- [PROBLEM DETAILS] Repeat all of the records exactly, leaving out the pictures.

- [MATERIALS PROVIDED]
-- Opening Marker --
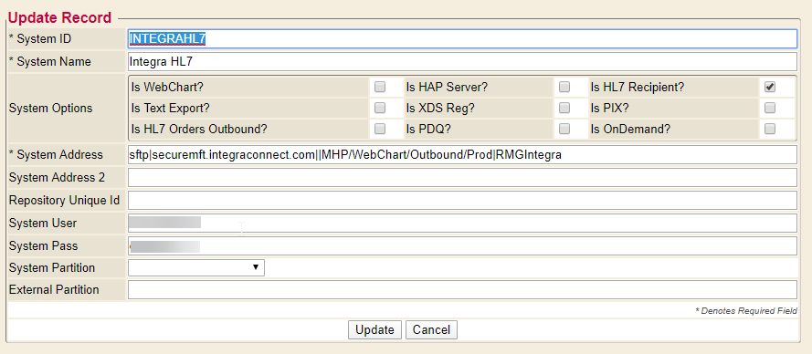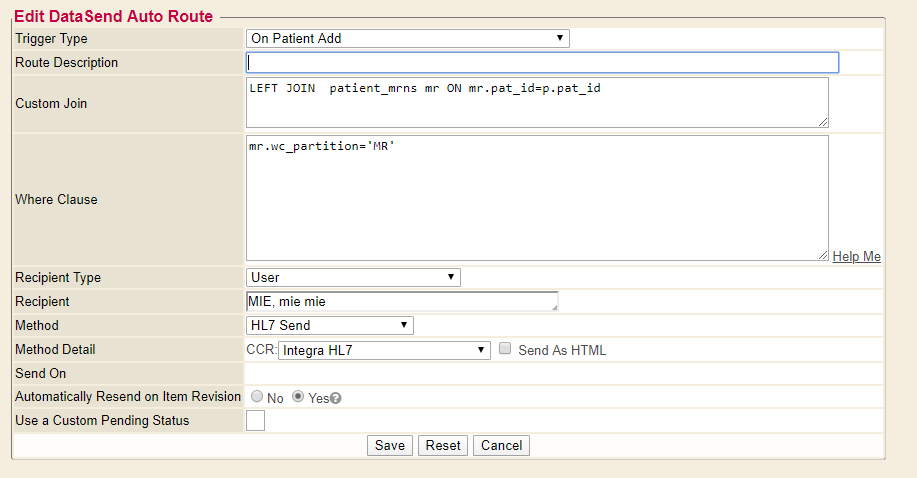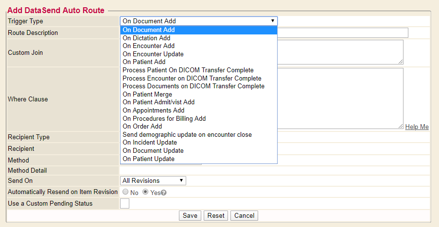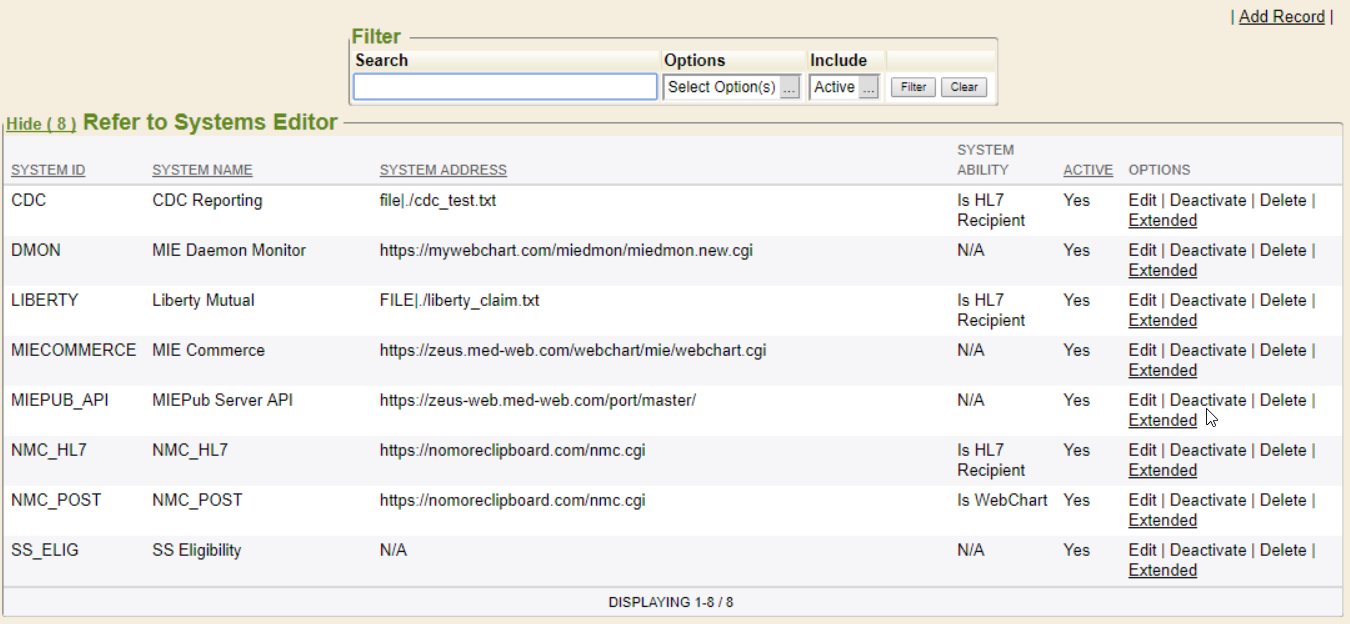 ## Overview 1. Understanding the end point to configure the Refer To Systems (RTS). 2. Understanding the trigger that will take place in Enterprise Health to send the data to the end point to configure the Auto Route. ## Refer To Systems Refer To Systems (RTS) is used to manage connection details for vendors/services that receive data from Enterprise Health. The RTS Editor is found in the Control Panel. It requires a permission level to access it. ![](./outbound-interface-install-instructions.assets/72d49a4da60ede7e9f94bdf983d46450.png) Each RTS entry contains: * System ID - This is a required unique identifier for the RTS * System Name - This is a human readable name for the entry. It is used when setting up Auto Routes and Performing Facilities on Lab Orders * System Address - This is the end point information. This can be a URL, Filename, SFTP, among others. * System Ability - This is a high level overview of what the connection is used for. HL7, Webchart to Webchart, among others * Active - This tells if the RTS is available for use. Inactive RTS cannot be sent to. * Options - This allows for Editing the RTS information, also to Deactivate, as well as Delete entirely. The Extended option is here as well to add special functionality when sending data over to this endpoint. ### System Address Here are the available connection options that the RTS editor supports ![](./outbound-interface-install-instructions.assets/723100db4503d34d573ec01166f3921f.png) 1. Socket a. Format: 'socket'|[IP address]|[port]|[SSL flag 1/0] ``` Example: socket|192.168.2.23|5321|0 ``` 2. File a. Format: 'file'|[file directory and name relative to where the datasend binary lives] ``` Example: file|../testfile.hl7 ``` 3. Multi-File a. Format: 'multi_file'|[file directory and beginning of filename to use] ``` Example: multi_file|../testmultifile ``` 4. SCP a. Format: 'scp'|[IP/hostname]|[port]|[subdir name]|[base filename]|[keyfile] i. Note username/password are on the RTS entry itself ``` Example: scp|192.168.34.27||data/outbound|testfile.dat| ``` 5. SFTP a. Format: 'sftp'|[IP/hostname]|[port]|[subdir name]|[base filename]|[keyfile] i. Note username/password are on the RTS entry itself ``` Example: sftp|192.168.34.27||data/outbound|testfile.dat| ``` 6. HTTPS (default) a. Format: [URL]|[username CGI variable name]|[password CGI variable name]|[message CGI variable name] i. Note username/password are on the RTS entry itself ``` Example: https://mywebchart.com/omg/webchart.cgi|login_user|login_passwd|message ``` ### System Ability Here are the types of outbound messages that can be configured for each RTS endpoint. Selecting these determines how they are represented inside of Webchart and EH. ![](./outbound-interface-install-instructions.assets/92e9971f0032eafe76fe1f520a8a4a8a.png) 1. Is WebChart? a. For sending messages between 2 Webchart systems 2. Is HAP Server? a. Specifies that this can be used as a remote chart HAP System endpoint in the ChartTabs editor. 3. Is HL7 Recipient? a. For sending HL7 data to a system 4. Is Text Export? a. Specifies that this can be used as a Text Export endpoint in the Send dialog and Auto Routes editor. 5. Is XDS Reg? a. For sending via XDS. 6. Is PIX? a. Specifies that this is a PIX Manager and is suitable as an endpoint for performing ITI-9 PIX queries. 7. Is HL7 Orders Outbound? a. For sending HL7 Orders to a system 8. Is PDQ? a. Specifies that this a Patient Demographics Supplier and is suitable as an endpoint for performing ITI-21 PDQ queries. 9. Is OnDemand? a. Specifies that any outgoing XDR submissions are to be registered as On-Demand documents rather than static documents. ## Auto Routes There are many available triggers * On Document Add/Update - creates MDM, VXU or ORU * On Patient Add/Update - creates ADT * On Appointments Add - creates SIU * On Procedures for Billing Add - creates DFT ![](./outbound-interface-install-instructions.assets/8e32d4f5d4eff16fb06c8f84f057ad51.png) JOINs and WHERE clause * This allows for more filtering to work with specific sets of patients. Requires some understanding of the Webchart DB schema. Generally requires MIE EDI team to build. However, manually copying Auto Route JOINs and WHERE Clauses into new Auto Routes is also possible. * The Help Me feature allows non-power users to build their own commonly used Join/Where clauses. ![](./outbound-interface-install-instructions.assets/59a0d8603cce1b3d57bd468474affaf5.png) There are many available send options * HL7 Send - this will send out HL7 messages ![](./outbound-interface-install-instructions.assets/c33547588cf502a12090664e7feb0029.png) ## Testing and Verifying Once records are added into Webchart and the triggers are satisfied, the HL7 message should send out according to the RTS. To validate that the data was sent outbound successfully, browse to the DataSend Queue in Control Panel -> Interfaces. The Send Queue has reports that show the records * In Progress - messages currently being sent to the RTS End point * Pending - messages waiting to be sent to the RTS End point * Error - messages that were unable to send successfully * Completed/Acknowledged - messages that were sent successfully ![](./outbound-interface-install-instructions.assets/3419ef2e1d3141f5c0dd86c3f1216ea1.png) Resending messages is possible for Completed messages using the Options *Resend* link ![](./outbound-interface-install-instructions.assets/cd194d4525be59d9453a9406d22038ef.png)
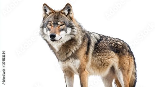 Fototapeta premium Majestic gray wolf close-up portrait on white background, looking directly ahead
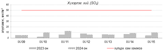 Улаанбаатар хотын агаарт түгээмэл бохирдуулах бодис хүхэрлэг хий /SO2/, азотын давхар исэл /NO2/, тоосонцор /PM10, PM2.5/, нүүрстөрөгчийн дутуу исэл /CO/, озон /O3/-ны агууламжийг тодорхойллоо.
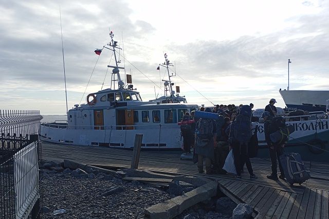 Начало седьмого часа утра. На подворье всеобщий подъем. Впрочем, неудивительно, ведь монастырские катера отходят на Соловецкие острова в семь часов, посадка же и вовсе начинается за полчаса до отправления. Чем ближе время отхода катеров, тем больше людей скапливается на причале. Они едут на Святую землю со всей страны. Так мне предстоит добираться до островов на катере «Святитель Николай» вместе с паломнической группой из Саратова. Саратовцы приехали сюда на автобусе и по дорогу уже успели посетить несколько монастырей. Вскоре наш катер успешно отшвартовался от причала и вышел в открытое море. Несмотря на солнечную и достаточно теплую погоду, заметно ощущалось влияние северного ветра. Поэтому через какое-то время все пассажиры были вынуждены покинуть открытую палубу и укрыться в кубрике.
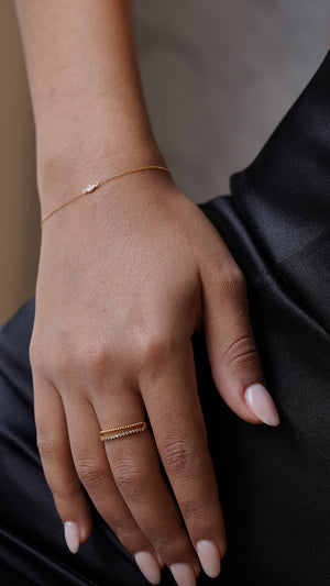 The Dixie bracelet features a single glittering diamond marquise set in a polished 9K yellow gold bezel setting. It sits on a delicate chain measuring approximately 16cm in length.
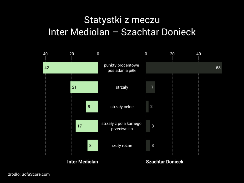 Inter postawił ją dopiero w drugiej części meczu, w której grał skromniej niż w pierwszej, ale o wiele skuteczniej. Na poniższej grafice możemy zaobserwować, jak wyglądały statystyki na sam koniec konfrontacji.
-- Closing Marker --
- [TASK SOLUTION]
 ## Overview 1. Understanding the end point to configure the Refer To Systems (RTS). 2. Understanding the trigger that will take place in Enterprise Health to send the data to the end point to configure the Auto Route. ## Refer To Systems Refer To Systems (RTS) is used to manage connection details for vendors/services that receive data from Enterprise Health. The RTS Editor is found in the Control Panel. It requires a permission level to access it. ![](./outbound-interface-install-instructions.assets/72d49a4da60ede7e9f94bdf983d46450.png) Each RTS entry contains: * System ID - This is a required unique identifier for the RTS * System Name - This is a human readable name for the entry. It is used when setting up Auto Routes and Performing Facilities on Lab Orders * System Address - This is the end point information. This can be a URL, Filename, SFTP, among others. * System Ability - This is a high level overview of what the connection is used for. HL7, Webchart to Webchart, among others * Active - This tells if the RTS is available for use. Inactive RTS cannot be sent to. * Options - This allows for Editing the RTS information, also to Deactivate, as well as Delete entirely. The Extended option is here as well to add special functionality when sending data over to this endpoint. ### System Address Here are the available connection options that the RTS editor supports ![](./outbound-interface-install-instructions.assets/723100db4503d34d573ec01166f3921f.png) 1. Socket a. Format: 'socket'|[IP address]|[port]|[SSL flag 1/0] ``` Example: socket|192.168.2.23|5321|0 ``` 2. File a. Format: 'file'|[file directory and name relative to where the datasend binary lives] ``` Example: file|../testfile.hl7 ``` 3. Multi-File a. Format: 'multi_file'|[file directory and beginning of filename to use] ``` Example: multi_file|../testmultifile ``` 4. SCP a. Format: 'scp'|[IP/hostname]|[port]|[subdir name]|[base filename]|[keyfile] i. Note username/password are on the RTS entry itself ``` Example: scp|192.168.34.27||data/outbound|testfile.dat| ``` 5. SFTP a. Format: 'sftp'|[IP/hostname]|[port]|[subdir name]|[base filename]|[keyfile] i. Note username/password are on the RTS entry itself ``` Example: sftp|192.168.34.27||data/outbound|testfile.dat| ``` 6. HTTPS (default) a. Format: [URL]|[username CGI variable name]|[password CGI variable name]|[message CGI variable name] i. Note username/password are on the RTS entry itself ``` Example: https://mywebchart.com/omg/webchart.cgi|login_user|login_passwd|message ``` ### System Ability Here are the types of outbound messages that can be configured for each RTS endpoint. Selecting these determines how they are represented inside of Webchart and EH. ![](./outbound-interface-install-instructions.assets/92e9971f0032eafe76fe1f520a8a4a8a.png) 1. Is WebChart? a. For sending messages between 2 Webchart systems 2. Is HAP Server? a. Specifies that this can be used as a remote chart HAP System endpoint in the ChartTabs editor. 3. Is HL7 Recipient? a. For sending HL7 data to a system 4. Is Text Export? a. Specifies that this can be used as a Text Export endpoint in the Send dialog and Auto Routes editor. 5. Is XDS Reg? a. For sending via XDS. 6. Is PIX? a. Specifies that this is a PIX Manager and is suitable as an endpoint for performing ITI-9 PIX queries. 7. Is HL7 Orders Outbound? a. For sending HL7 Orders to a system 8. Is PDQ? a. Specifies that this a Patient Demographics Supplier and is suitable as an endpoint for performing ITI-21 PDQ queries. 9. Is OnDemand? a. Specifies that any outgoing XDR submissions are to be registered as On-Demand documents rather than static documents. ## Auto Routes There are many available triggers * On Document Add/Update - creates MDM, VXU or ORU * On Patient Add/Update - creates ADT * On Appointments Add - creates SIU * On Procedures for Billing Add - creates DFT ![](./outbound-interface-install-instructions.assets/8e32d4f5d4eff16fb06c8f84f057ad51.png) JOINs and WHERE clause * This allows for more filtering to work with specific sets of patients. Requires some understanding of the Webchart DB schema. Generally requires MIE EDI team to build. However, manually copying Auto Route JOINs and WHERE Clauses into new Auto Routes is also possible. * The Help Me feature allows non-power users to build their own commonly used Join/Where clauses. ![](./outbound-interface-install-instructions.assets/59a0d8603cce1b3d57bd468474affaf5.png) There are many available send options * HL7 Send - this will send out HL7 messages ![](./outbound-interface-install-instructions.assets/c33547588cf502a12090664e7feb0029.png) ## Testing and Verifying Once records are added into Webchart and the triggers are satisfied, the HL7 message should send out according to the RTS. To validate that the data was sent outbound successfully, browse to the DataSend Queue in Control Panel -> Interfaces. The Send Queue has reports that show the records * In Progress - messages currently being sent to the RTS End point * Pending - messages waiting to be sent to the RTS End point * Error - messages that were unable to send successfully * Completed/Acknowledged - messages that were sent successfully ![](./outbound-interface-install-instructions.assets/3419ef2e1d3141f5c0dd86c3f1216ea1.png) Resending messages is possible for Completed messages using the Options *Resend* link ![](./outbound-interface-install-instructions.assets/cd194d4525be59d9453a9406d22038ef.png)
 Fototapeta premium Majestic gray wolf close-up portrait on white background, looking directly ahead
 Улаанбаатар хотын агаарт түгээмэл бохирдуулах бодис хүхэрлэг хий /SO2/, азотын давхар исэл /NO2/, тоосонцор /PM10, PM2.5/, нүүрстөрөгчийн дутуу исэл /CO/, озон /O3/-ны агууламжийг тодорхойллоо.
 Начало седьмого часа утра. На подворье всеобщий подъем. Впрочем, неудивительно, ведь монастырские катера отходят на Соловецкие острова в семь часов, посадка же и вовсе начинается за полчаса до отправления. Чем ближе время отхода катеров, тем больше людей скапливается на причале. Они едут на Святую землю со всей страны. Так мне предстоит добираться до островов на катере «Святитель Николай» вместе с паломнической группой из Саратова. Саратовцы приехали сюда на автобусе и по дорогу уже успели посетить несколько монастырей. Вскоре наш катер успешно отшвартовался от причала и вышел в открытое море. Несмотря на солнечную и достаточно теплую погоду, заметно ощущалось влияние северного ветра. Поэтому через какое-то время все пассажиры были вынуждены покинуть открытую палубу и укрыться в кубрике.
 The Dixie bracelet features a single glittering diamond marquise set in a polished 9K yellow gold bezel setting. It sits on a delicate chain measuring approximately 16cm in length.
 Inter postawił ją dopiero w drugiej części meczu, w której grał skromniej niż w pierwszej, ale o wiele skuteczniej. Na poniższej grafice możemy zaobserwować, jak wyglądały statystyki na sam koniec konfrontacji.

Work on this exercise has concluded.